Higher interest rates that further hurt consumers are not the answer 

Increasing the interest rate is not the answer to suppress inflation and instead focus should be placed on larger problems such as load shedding to bring inflation under control. 

“South Africa has bigger problems at this stage in the form of ongoing load shedding which has a tremendous impact on inflation, cost price inflation, transport costs and the general cost of living of consumers,” says Thys van Zyl, head of product development at Everest Wealth. 

“If we cannot reduce load shedding’s impact on inflation, we will not be able to bring down stubborn inflation – even if the interest rate is raised three or four more times. The interest rate has been raised so many times over the past 16 months and it is clear that it is not working to curb inflation.” 

The SA Reserve Bank’s monetary policy committee hiked interest rates by 50 basis points on Thursday while an increase of 25 basis points was expected. This was the ninth consecutive increase and the interest rate has already been increased by 425 basis points since November 2021. 

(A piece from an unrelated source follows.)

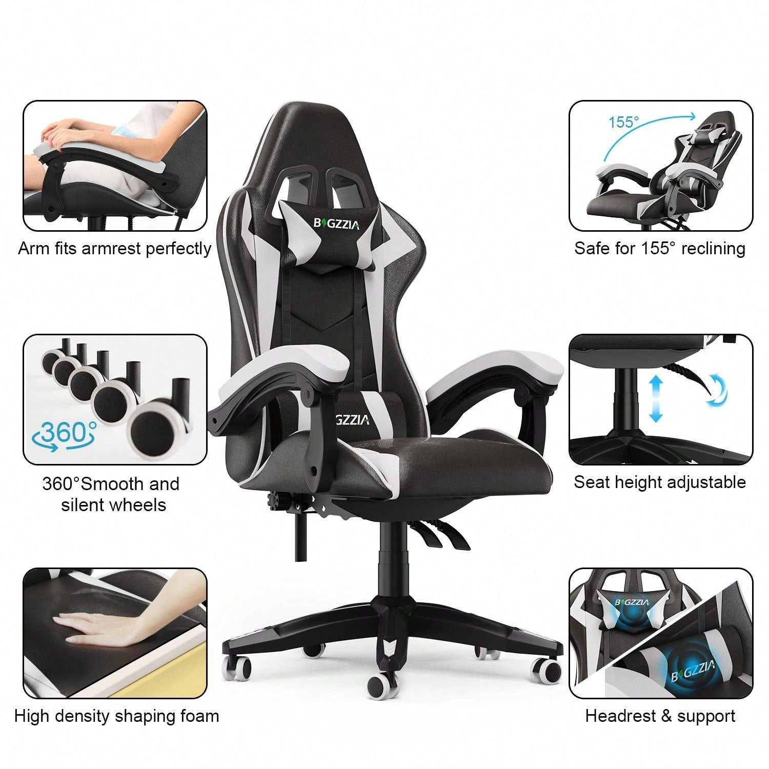 Buon comfort: durante le sessioni di gioco più lunghe o in ufficio a casa, si avvertono tensioni e dolori nella zona lombare a causa della lunga seduta. Per questo, la sedia da gaming, che non sia né troppo dura né troppo morbida, sarebbe una scelta migliore. I cuscini delle nostre sedie sono moderatamente morbidi e i cuscini lombari e per il collo inclusi (rimovibili) consentono una seduta più confortevole.

“The Reserve Bank will definitely have to start looking at other options than just applying interest rate increases. Proactive thinking will have to be done to see how it can be made easier for cash-strapped consumers with the cost-of-living skyrocketing.” 

The interest rate hikes mean that consumers must reach even deeper into their pockets with credit card and store debt becoming more expensive and personal loans and car and home payments rising. 

Consumers who took on the debt when the interest rate was much lower may now struggle to service their debt or simply cannot afford it anymore. However, the average salary in the country does not increase at the same rate and makes South Africans increasingly poor. 

According to Van Zyl, consumers must take proactive steps to protect themselves financially. “Try to build a buffer into your budget or have room to manoeuvre for unforeseen expenses such as sharp rises due to interest rate increases. Work smarter with debt and try to avoid short-term debt with higher rates as well as increasing debt. Instead, try to pay off debt faster and thus save interest. Cut bad habits or unnecessary expenses from your budget and try to invest that money instead.” 

Interest rate increases affect investors positively and negatively. People with investments and money in the bank are positively affected by this, while an increase in interest rates is generally negative for stocks. 

“With higher interest rates, everything becomes more expensive and this can result in people withdrawing more money from investments to keep up with rising living costs. In the midst of turbulent times, a financial advisor can advise clients on which strategies to follow and where to invest in order to meet unique expectations.”